Nothing outside the range is wanted. Repeat exactly the lines below from the one with "Aiming for a" through the one with "Por otra parte, el".

MATERIAL SUPPLIED:
════════════════
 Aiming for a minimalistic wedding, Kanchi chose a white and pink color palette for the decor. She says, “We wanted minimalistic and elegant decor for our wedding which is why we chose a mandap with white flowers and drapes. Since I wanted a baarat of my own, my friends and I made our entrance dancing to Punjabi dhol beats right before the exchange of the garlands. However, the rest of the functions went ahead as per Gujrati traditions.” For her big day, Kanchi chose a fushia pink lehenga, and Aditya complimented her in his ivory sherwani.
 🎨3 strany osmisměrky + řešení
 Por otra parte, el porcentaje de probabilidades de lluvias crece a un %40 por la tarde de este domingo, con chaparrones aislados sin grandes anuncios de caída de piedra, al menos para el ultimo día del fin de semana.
════════════════
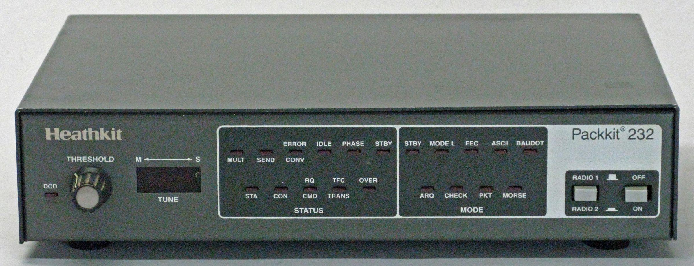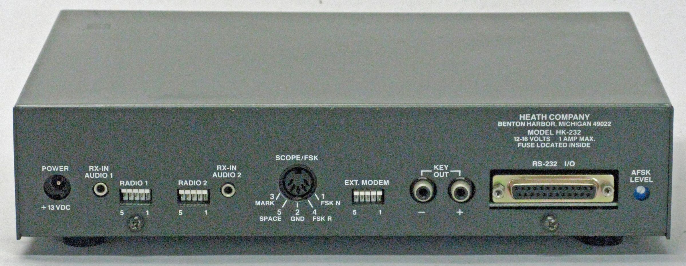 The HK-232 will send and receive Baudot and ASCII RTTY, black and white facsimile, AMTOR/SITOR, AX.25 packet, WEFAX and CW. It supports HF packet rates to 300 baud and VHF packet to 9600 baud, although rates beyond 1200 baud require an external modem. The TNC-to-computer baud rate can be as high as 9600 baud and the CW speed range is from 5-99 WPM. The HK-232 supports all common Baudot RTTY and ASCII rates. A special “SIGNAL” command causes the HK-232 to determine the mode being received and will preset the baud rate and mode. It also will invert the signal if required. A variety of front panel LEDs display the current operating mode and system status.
════════════════
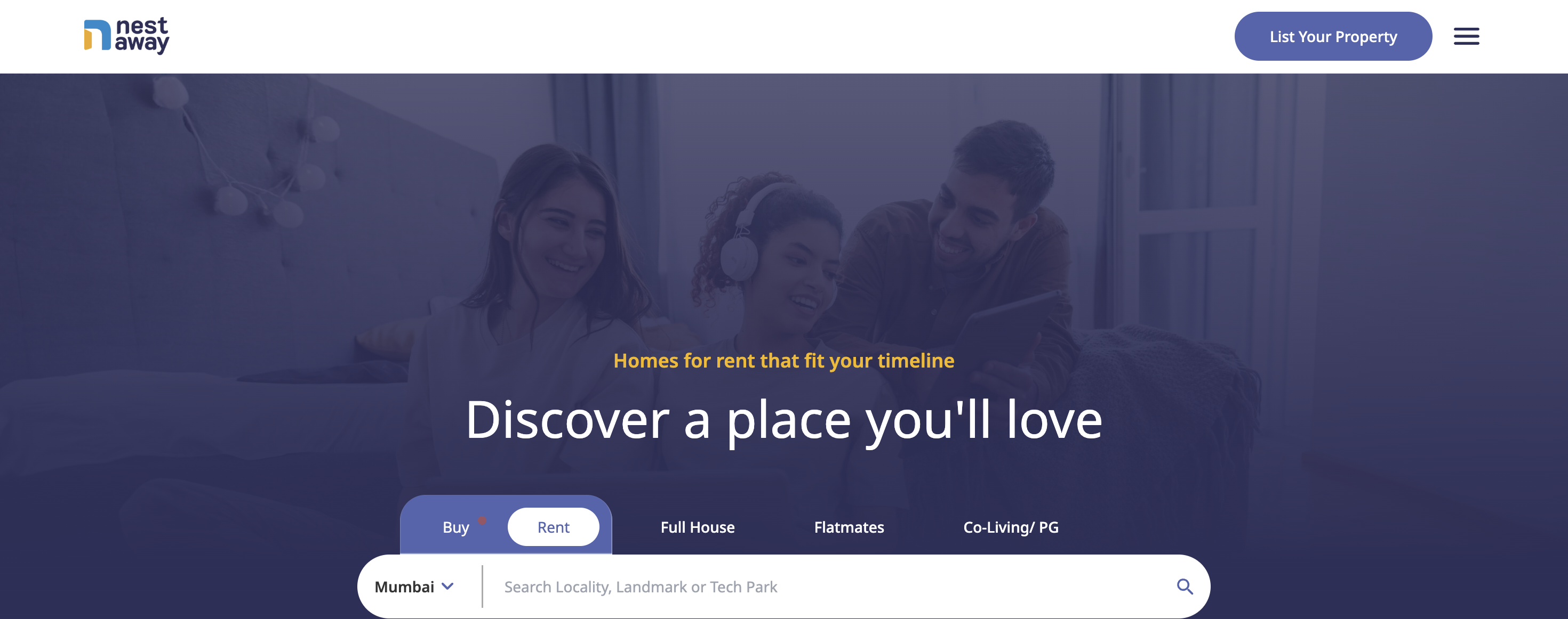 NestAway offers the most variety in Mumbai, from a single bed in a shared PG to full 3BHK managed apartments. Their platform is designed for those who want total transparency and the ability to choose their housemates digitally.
════════════════
RESULT FOR THIS TASK:
 Aiming for a minimalistic wedding, Kanchi chose a white and pink color palette for the decor. She says, “We wanted minimalistic and elegant decor for our wedding which is why we chose a mandap with white flowers and drapes. Since I wanted a baarat of my own, my friends and I made our entrance dancing to Punjabi dhol beats right before the exchange of the garlands. However, the rest of the functions went ahead as per Gujrati traditions.” For her big day, Kanchi chose a fushia pink lehenga, and Aditya complimented her in his ivory sherwani.
 🎨3 strany osmisměrky + řešení
 Por otra parte, el porcentaje de probabilidades de lluvias crece a un %40 por la tarde de este domingo, con chaparrones aislados sin grandes anuncios de caída de piedra, al menos para el ultimo día del fin de semana.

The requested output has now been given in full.